Using MPI¶
Messaging Passing Interface (MPI) is a standardized and portable message-passing system designed to function on a wide variety of parallel computing architectures. It provides a library of functions that enable a program to distribute a computational task across multiple nodes in a cluster.
There are multiple implementations of MPI including OpenMPI (Open Source Message Passing Interface), MPICH, and Intel MPI. OpenMPI is a widely used MPI implementation in the HPC community and the one we will be working with through our documentation.
Getting Started with MPI¶
To get started with MPI on a Slurm-based HPC cluster, you should have:
Basic knowledge of Linux/Unix commands
Familiarity with a programming language supported by MPI (e.g., C, C++, FORTRAN) if you are developing a program
Understand how to load MPI module on the HPC
Understand how to compile your source code and run the binaries (compiled languages) or to run the interpreted language with MPI
MPI libraries on Discovery¶
There are many versions of OpenMPI, MVAPICH, and MPICH that are available on the HPC as modules compiled with different compilers and additional libraries and features.
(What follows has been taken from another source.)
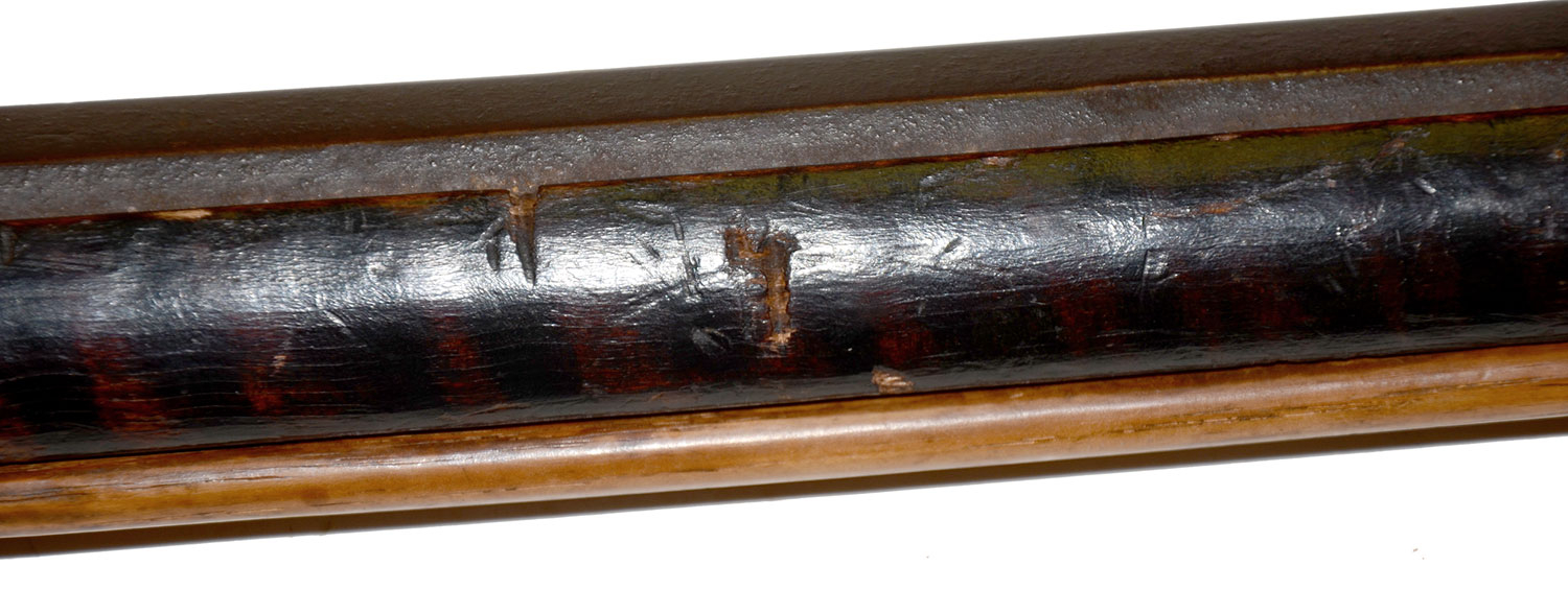 Ramrod is wooden and is complete but does have a large gouge approx. 8.50 inches long just below the midpoint of its length. Turning the rod in the three brass pipes will hide this imperfection. [ad] [ph:L]

To see them, use the module avail openmpi
, module avail mpich
, and module avail mvapich
respectively.
Use the module show
command to view information about the compilers you need to use with these libraries and if they support InfiniBand (IB) or not. For example, module show openmpi/4.1.0-zen2-gcc10.1
.
Output for module show openmpi/4.1.0-zen2-gcc10.1
/shared/centos7/modulefiles/openmpi/4.1.0-zen2-gcc10.1:
module-whatis Loads the executables, libraries and headers for OpenMPI v. 4.1.1. Built using Intel 2021 compilers on AMD EPYC architecture (zen2).
Please note - this MPI module supports communication through the HDR200 InfiniBand network by using the Mellanox (OFED 5.3) UCX (1.10.1) framework with cross platform unified API. To make sure InfiniBand is being used, make sure to compile and run your applications using this module only on AMD EPYC architectures (zen2).
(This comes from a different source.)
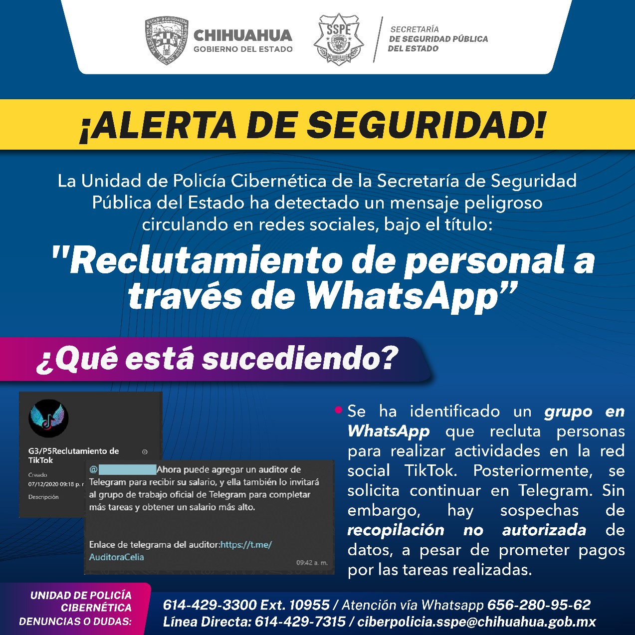 Chihuahua, Chih.- La Unidad de Policía Cibernética de la Secretaría de Seguridad Pública del Estado (SSPE) ha detectado una posible amenaza a través de redes sociales, disfrazada como una actividad de reclutamiento de personas para trabajos en línea.

To allocate the zen2 arch compute node, add the following flag to your SLURM command: --constraint=zen2
For more details:
https://rc-docs.northeastern.edu/en/latest/hardware/hardware_overview.html
To use the module, type:
module load gcc/10.1.0
module load openmpi/4.1.0-zen2-gcc10.1
conflict openmpi
prepend-path PATH /shared/centos7/openmpi/4.1.0-zen2-gcc10.1/bin
prepend-path MANPATH /shared/centos7/openmpi/4.1.0-zen2-gcc10.1/share/man
prepend-path LD_LIBRARY_PATH /shared/centos7/openmpi/4.1.0-zen2-gcc10.1/lib
prepend-path CPATH /shared/centos7/openmpi/4.1.0-zen2-gcc10.1/include
prepend-path LIBRARY_PATH /shared/centos7/openmpi/4.1.0-zen2-gcc10.1/lib
setenv OMPI_MCA_btl ^vader,tcp,openib,uct
Running a MPI Program¶
The following is a basic slurm script for running an MPI program with annotations:
#!/bin/bash
#SBATCH --job-name=test_job # Set the job name
#SBATCH --output=res_%j.out # Set the output file name (%j expands to jobId)
#SBATCH --ntasks=4 # Request 4 tasks
#SBATCH --time=01:00:00 # Request 1 hour runtime
#SBATCH --mem-per-cpu=2000 # Request 2000MB memory per CPU
module load openmpi/4.0.5 # Load the necessary module(s)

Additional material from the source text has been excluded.